Temporary Orders in Divorce - What Do They Do?
Divorce, when contested, can be a very long process. What happens to everything that you and your spouse had together during the divorce process? Who do the kids stay with? Who pays the bills? Who is responsible for getting the kids to and from school or to the doctor? This is the world of temporary orders. When the parties to a divorce cannot get along well enough to agree or maybe even discuss daily life, your attorney might suggest temporary orders.
If you need temporary orders your attorney will motion the court and present your case to the judge. This is sort of a mini trial. The judge will listen to both parties and make the determination of what will happen between now and the actual divorce trial.
Do You Need Temporary Orders?Often times clients will come in and tell me that their friend, their sister or their cousin had temporary orders in their divorce case and that they want to do the same. Wanting and needing temporary orders are two different things. I cannot stress that point enough. Temporary orders are the judge telling you what to do rather than you and your spouse doing what you know how to do and doing what you have been doing. Like I have said before about mediation; it simply works better for the parties to work out their own agreement than to have the judge do it for you. You know what works best for you.
There are situations where one party or the other is being unreasonable and temporary orders are necessary. They will help make a smooth transition on daily functioning of your life during the divorce process if your spouse is making every little decision into a conflict.
Are There Draw Backs to Temporary Orders?Like with anything in life and divorce, there are always draw backs. The first draw back is cost. It can be expensive to have your divorce attorney put together the motion, the supporting documentation and to have a mini-trial. Some attorneys will require the money for the motion and hearing upfront because it can be an expensive process.
The other draw back the really sticks out is what is known as status quo. The status quo refers to the existing situation. If you are in a high conflict divorce for over a year and you have temporary orders which place the children with mom 90% of the time, a judge is less likely to say, at the time of the divorce trial, "now lets split the custody 50/50". Likewise, if the kids stay with dad 60% of the time and go to the school in his neighborhood, after a year or more of ongoing divorce proceedings will the judge now say "mom gets the kids 75% of the time and they will go tho her neighborhood school"? Child custody is determined by the best interest of the child and often the status quo is in the best interest of the child because it is the most stable and consistent thing the child knows in the divorce process.

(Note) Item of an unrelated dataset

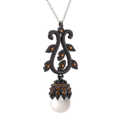 Inci ve dumanlı kuvars 925 ayar siyah rodyum kaplama gümüş kolye (40 cm gümüş rolo zincir)
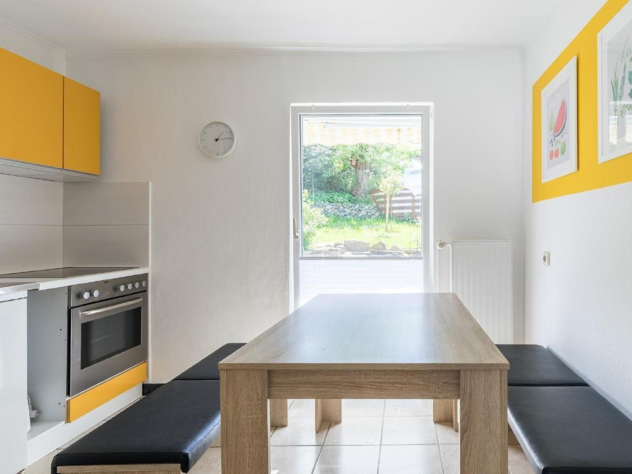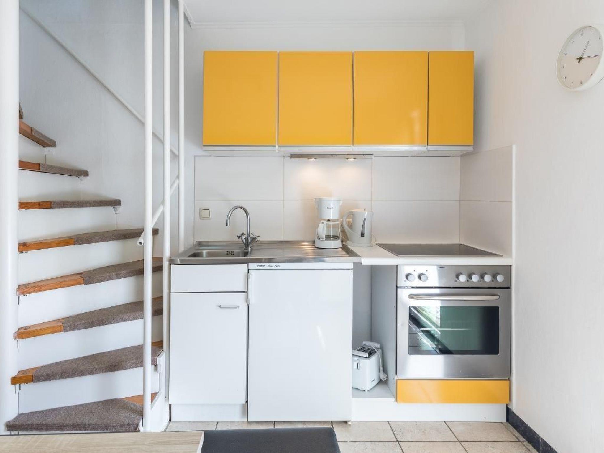 Die Wohnung hat eine separate Küche. Es sind folgende Geräte vorhanden: Herd mit Backofen, Kühlschrank mit Eisfach, Wasserkocher, Kaffeemaschine, Geschirr usw. Das Schlafzimmer (für 4 P) erreicht man über eine schmale Wendeltreppe. Es besteht die Möglichkeit, dass vorhandene Kinderreisebett im Schlafzimmer (OG) aufzustellen. Das Bad hat Dusche und WC. Im Wohnzimmer steht ein Fernseher. Hier können ebenfalls 2 Personen auf der Schlafcouch (ausgezogen 1,60x2,00m)übernachten. Es gibt einen hauseigenen Stellplatz.

Again, these two reasons alone (and there are many more) highlight the importance of trying to work things out civilly between the two parties, rather than having a judge decide. Your family law lawyer is a tremendous resource in this area because they are very familiar with the respect that is given to a stipulation by the judge. They are also very knowledgeable about what a judge would find important and what they would find questionable. They, or your mediator, can also help you negotiate terms which you are having difficulty deciding upon. They also help you preserve your rights and your best interest in the divorce. But in the end, it works best for the two parties to come together and decide how things will work during the divorce process.